And all that happened after, in that room, was a dream to Sybil, or a play she
watched, or some kino-show wrought with balsa-bits so numerous, so tiny, and
so cleverly worked, as to blur reality. For the Texian, lowering Mick quietly
to the floor, closed and re-locked the door, his movements unhurried and
methodical.
She swayed where she knelt, then sagged against the wall behind the bureau.
Mick was dragged away, heels scraping, into the deeper darkness beside the
wardrobe. The Texian knelt over him --
there was a rustle of clothing, the slap of the card-case flung aside, a
jingle of change and the sound of a single coin, falling, rolling, spinning on
the hardwood floor . . .
And there came from the door a scratching, the rattle of metal on metal -- the
sound of a drunken man trying a keyhole.
Houston, throwing the door wide, lurched forward on his heavy stick. He
belched thunderously and rubbed the site of his old wound. "Sons of bitches,"

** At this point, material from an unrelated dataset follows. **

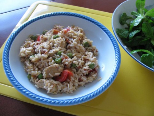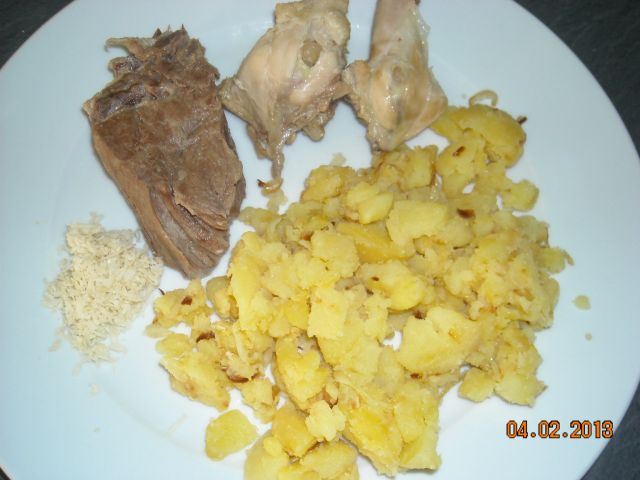 Danes bomo nekaj zakuhali v govejo juho, ki je ostala od včeraj, peče se svinjski kotlet in pripravlja ajdova kaša s papriko. Zame namesto kotleta in ajdove kaše kvinoja z zelenjavo. Za vse pa veliko radiča v solati.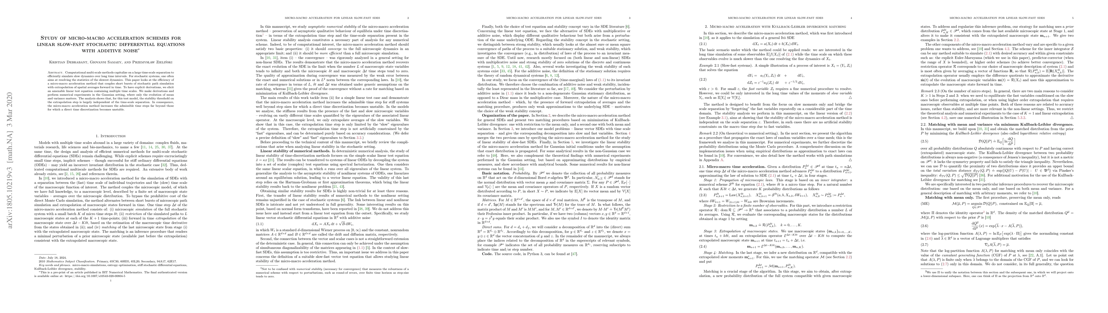 This paper investigates a micro-macro acceleration method for efficiently simulating slow dynamics in stochastic differential equations with additive noise. The method combines short bursts of stochastic path simulation with extrapolation of spatial averages, demonstrating increased stability and larger time step sizes compared to direct time discretization.

he said, hoarse with drink, listing violently, the stick coming down with a
sharp crack at each step. "Radley? Come out, you little whelp." He'd neared
the bureau now, and Sybil snatched her fingers back silently, afraid of the
weight of his boots.
The Texian closed the door.
"Radley!"
"Evenin', Sam."
Her room above the Hart seemed distant as childhood's first memories, here in
the smell of slaughter, in this dark where giants moved -- Houston reeled
suddenly to slash at the curtains with his cane, tore them open, gas-light
catching the patterns of frost on the glass of each mullioned pane,
illuminating the Texian's kerchief and the grim eyes above it, eyes distant
and merciless as winter stars. Houston staggered at the sight, the striped
blanket sliding from his shoulders. His medals gleamed, quivered.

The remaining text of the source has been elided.